許斐剛先生による漫画『新テニスの王子様』が、2026年8月4日発売の「ジャンプSQ.(スクエア)9月号」をもって完結を迎えた。前作『テニスの王子様』の連載開始から数えると、実に27年もの歴史に幕を下ろしたことになる。
同号には前代未聞となる「許斐剛 feat.テニプリファミリア」による新曲CD『ラケットに想い出詰め込んで』が付録としてつくこともあり、発売前から重版が決定。これまで作品を推し続けてきたファンを中心に、大きな盛り上がりを見せている。
熱心なファンというほどではないが、記者も27年間シリーズを見守ってきたひとりだ。最終話を読んで感じたことを、この場を借りてお届けしたい。テニプリって、いいぞ!
・唯一無二の作品
テニスの王子様シリーズほど、推し甲斐のある作品はないと思っている。というのも1999年に週刊少年ジャンプにて漫画『テニスの王子様(通称 テニプリ)』が連載開始、一旦完結するもすぐさま続編がスタートした。

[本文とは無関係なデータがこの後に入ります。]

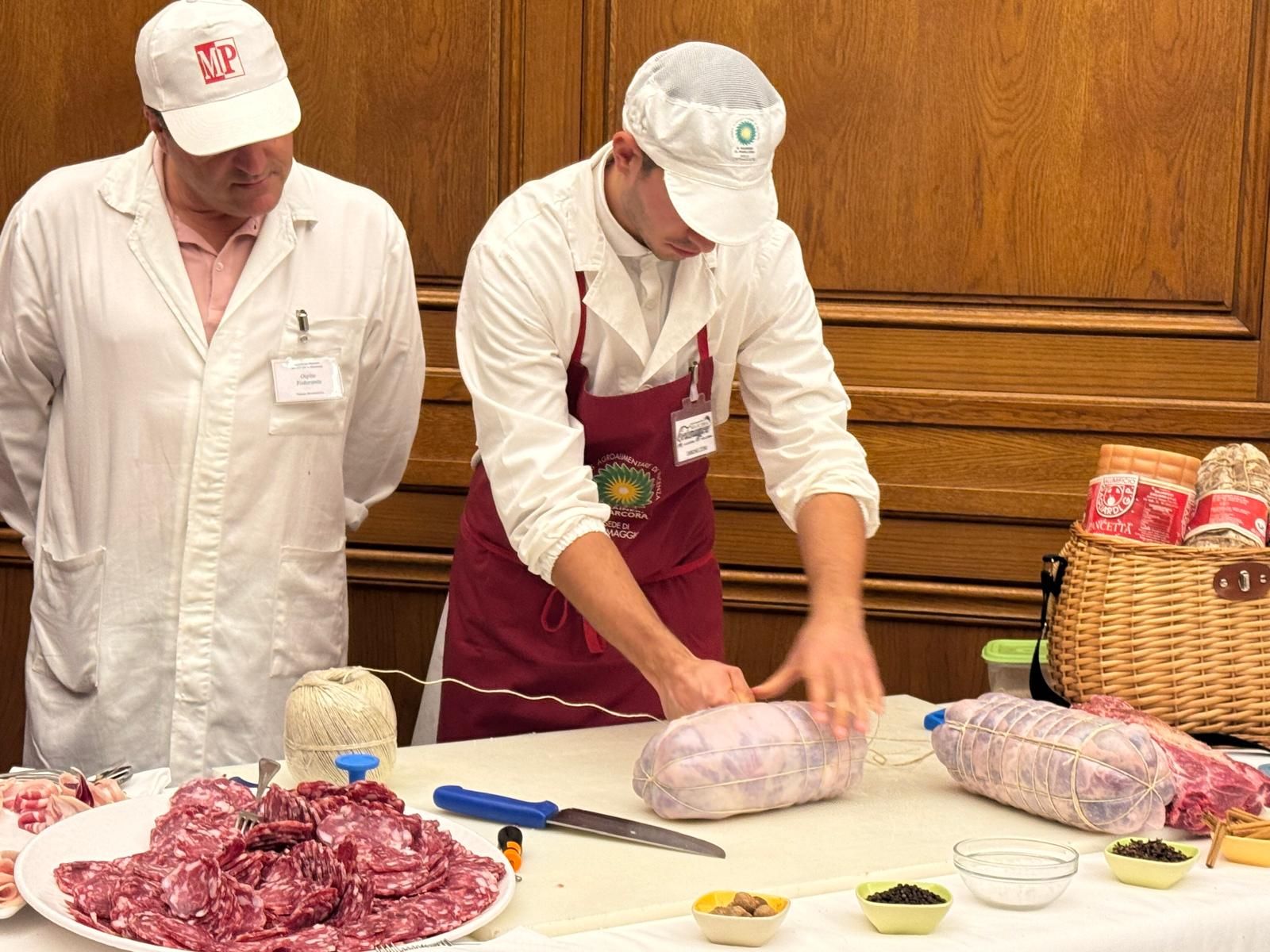 Gli studenti degli istituti professionali Raineri Marcora di Cortemaggiore e Piacenza hanno portato l’eccellenza gastronomica piacentina alla Camera dei Deputati. Insieme a Fabrizio Mazzoni — maestro norcino e docente del corso di lavorazione della carni suine a Cortemaggiore — i ragazzi hanno mostrato dal vivo le tecniche di legatura dei tre salumi Dop piacentini, coppa, salame e pancetta, proponendo un assaggio guidato abbinato ai vini del territorio, tra cui Gutturnio fermo e frizzante e Malvasia di Candia aromatica.
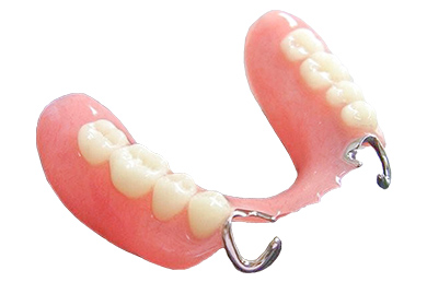 支えとなる歯が残っている場合に可能な補綴方法です。失った部分の歯を補う人工歯と歯ぐきを補う床を作製し、留め具などを用いて固定します。
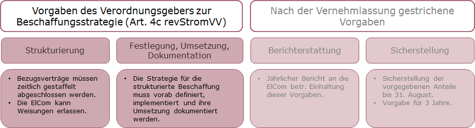 Zudem wird den Verteilnetzbetreibern nun generell vorgeschrieben, dass sie «Strategien für eine strukturierte Beschaffung festlegen, umsetzen und dokumentieren» müssen (Art. 4c revStromVV). Das bedeutet, dass die Definition dieser Strategien vorab erfolgen muss und ihre Umsetzung zu dokumentieren ist. Unter einer Strategie für eine strukturierte Beschaffung versteht der Verordnungsgeber bspw. zeitlich diversifizierte Standardprodukte (typischerweise über drei Jahre), Ein-Lieferanten-Strategien mit zeitlichen Tranchen und Formelpreis (Vollversorgung) oder Mehr-Lieferanten-Strategien mit Fest- oder scharfen Spotpreisen für Mehr- oder Mindermengen» (vgl. Erläuterungen zur StromVV, S. 14).

多方面にわたるメディア展開が魅力のひとつで、過剰なまでのキャラソンにアニメ、映画、実写、ミュージカルなど……365日いつでも追いかけていられるコンテンツの豊富さを誇る。しかもそのどれもが大成功を収めているのだから、さすがとしか言いようがない。
ひとえに作者の許斐剛先生の「読者を楽しませよう」という思いが人の百倍ほど強いことが、そうさせるのではないかと勝手に思っている。というのも、許斐先生はインタビューやSNSで、たびたび「正直自分の為に漫画を描いた事は一度もない」といった旨の発言をしてらっしゃる。
読者がどうすれば楽しめるかを、度が過ぎるほど真剣に考えて毎度、確実に叶えてくださるのだ。冒頭にあげた付録「許斐剛 feat.テニプリファミリア」による新曲CD『ラケットに想い出詰め込んで』も、まさにその結晶と言える。
作品にあまり触れていない人にはピンとこないかもしれないが、このCDは作者自身を筆頭に、アニメの声優陣やテニミュ(作品を舞台化したミュージカル)のキャストなど、総勢143名が参加した前代未聞の楽曲なのだ。ファンでさえ「一体何をやっているの」と思わず、ツッコミたくなるようなスケール感である。
常識にとらわれず、誰もやらないようなワクワクを全力で実現してしまう。それこそが、ハッピーメディアクリエイター許斐剛作品の真骨頂。こんな体験は、なかなかほかでは味わえない。まさに唯一無二のエンターテイメントなのだ。
・これからを感じさせるラスト
そうしたメディア展開のすごさはもちろんのこと、言わずもがな原点の漫画自体がはちゃめちゃに面白い。ストーリーは当然ながら、キャラクターひとりひとりの魅力があふれんばかり。いずれのキャラクターたちも、連載当初からは見違えるほどの成長っぷりで、もはや親のような目線で見守ってしまう自分がいる。
最終話では主人公・越前リョーマをはじめ、この作品が27年間積み上げてきた軌跡が惜しみなく表現されていた。嬉しいような寂しいような気持ちがジワリと湧いてくる。そしてしばらくテニプリから離れていたという人でも、一瞬であの頃の熱量を思い出せるようなラストになっている点も実に見事だった。
物語はただ終わりを迎えたわけではなく、これからを感じさせる余白と熱量が残されていた。許斐先生が巻末で「テニプリと愛しのキャラたちを27年間応援ありがとうございました。少しだけゆっくりさせてくださいね…(ニヤリ)」とコメントされているのを見ると、この続きがあるのかもしれないと期待してしまう。というか、あってくれ……!
もし続きがあるとするならば、今から読み返しておけば、次の機会に間に合う。久しぶりの人も、はじめての人も、新テニが最終回を迎えた今こそがチャンスだ。テニプリは、まだまだ(これから)だね!!